§ **WORK REQUEST**: Write every line below out again exactly, images omitted.
*** Opening of EXERCISE DATA ***
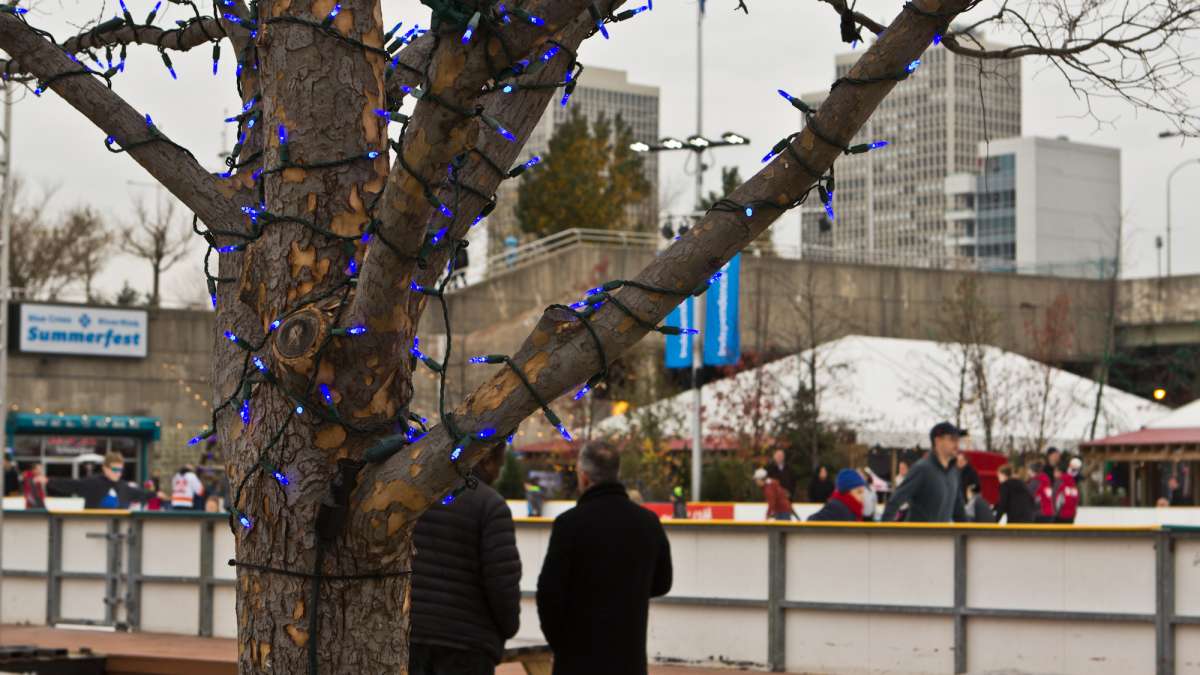 Hundreds came to the opening of Philadelphia’s Winterfest at the River Rink — an outdoor ice rink and rustic lodge at Penn’s Landing on the Delaware River.
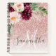 Modern Pink Glitter & Flower Sparkle With Name Notebook
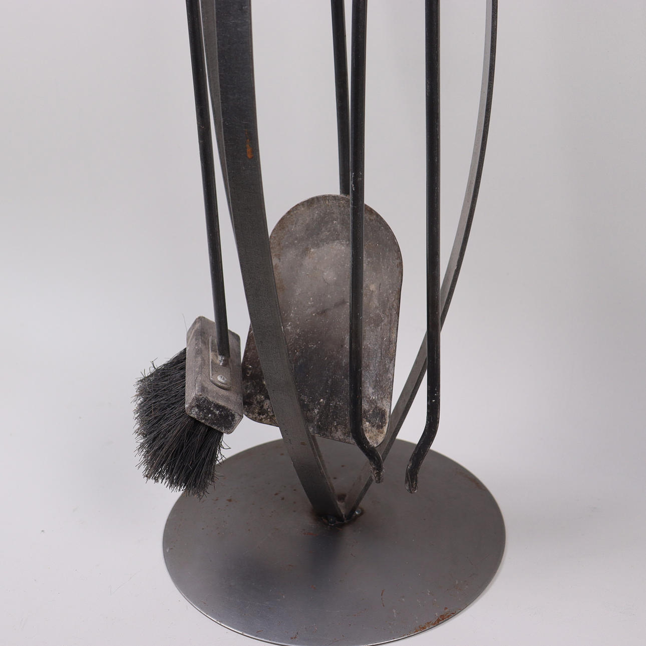 Fire rack in forging with three tools: brush, shovel and pliers.
*** Close of EXERCISE DATA ***
§ **WRITTEN SOLUTION**:
 Hundreds came to the opening of Philadelphia’s Winterfest at the River Rink — an outdoor ice rink and rustic lodge at Penn’s Landing on the Delaware River.
 Modern Pink Glitter & Flower Sparkle With Name Notebook
 Fire rack in forging with three tools: brush, shovel and pliers.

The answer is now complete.